Source material below:
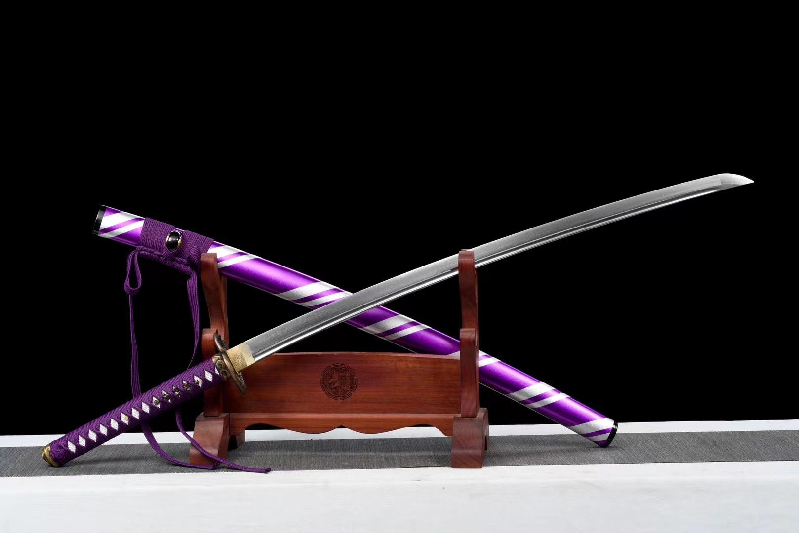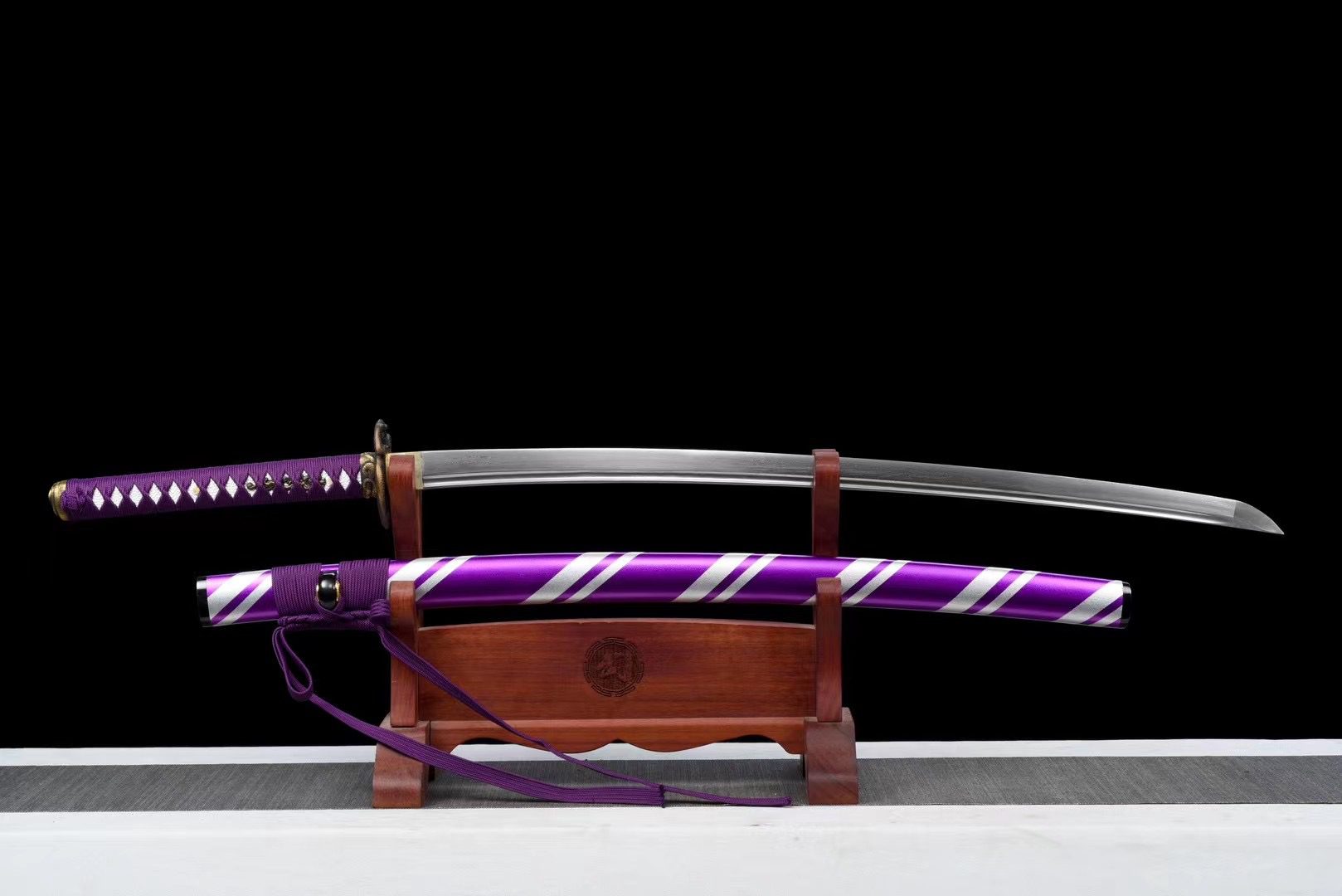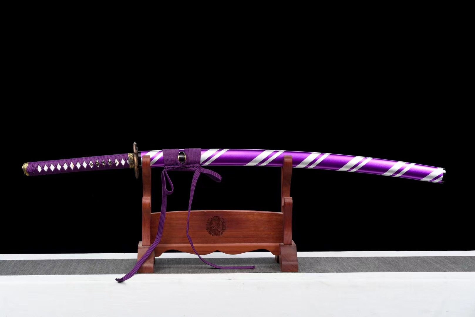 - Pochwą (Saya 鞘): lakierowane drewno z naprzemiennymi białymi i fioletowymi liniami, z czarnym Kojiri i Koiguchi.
End of Source material.
Source material below:
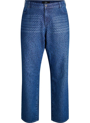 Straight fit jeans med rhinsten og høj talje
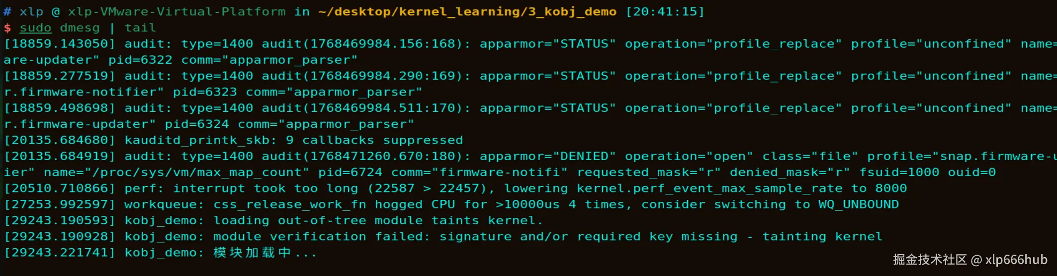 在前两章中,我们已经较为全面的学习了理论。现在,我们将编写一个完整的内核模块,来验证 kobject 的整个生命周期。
End of Source material.
Source material below:
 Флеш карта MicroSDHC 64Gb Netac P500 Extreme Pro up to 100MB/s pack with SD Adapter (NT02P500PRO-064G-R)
End of Source material.
**Your objective**
Reproduce, word for word, everything in the listing above from the line containing "Straight fit jeans med rhinsten og høj talje" down to the line containing "在前两章中,我们已经较为全面的学习了理论。现在,我们将编写一个完整的内核模块,来验证 kobject 的整个生命周期。", both of them included. No pictures.

**Solution to the exercise**
 Straight fit jeans med rhinsten og høj talje
 在前两章中,我们已经较为全面的学习了理论。现在,我们将编写一个完整的内核模块,来验证 kobject 的整个生命周期。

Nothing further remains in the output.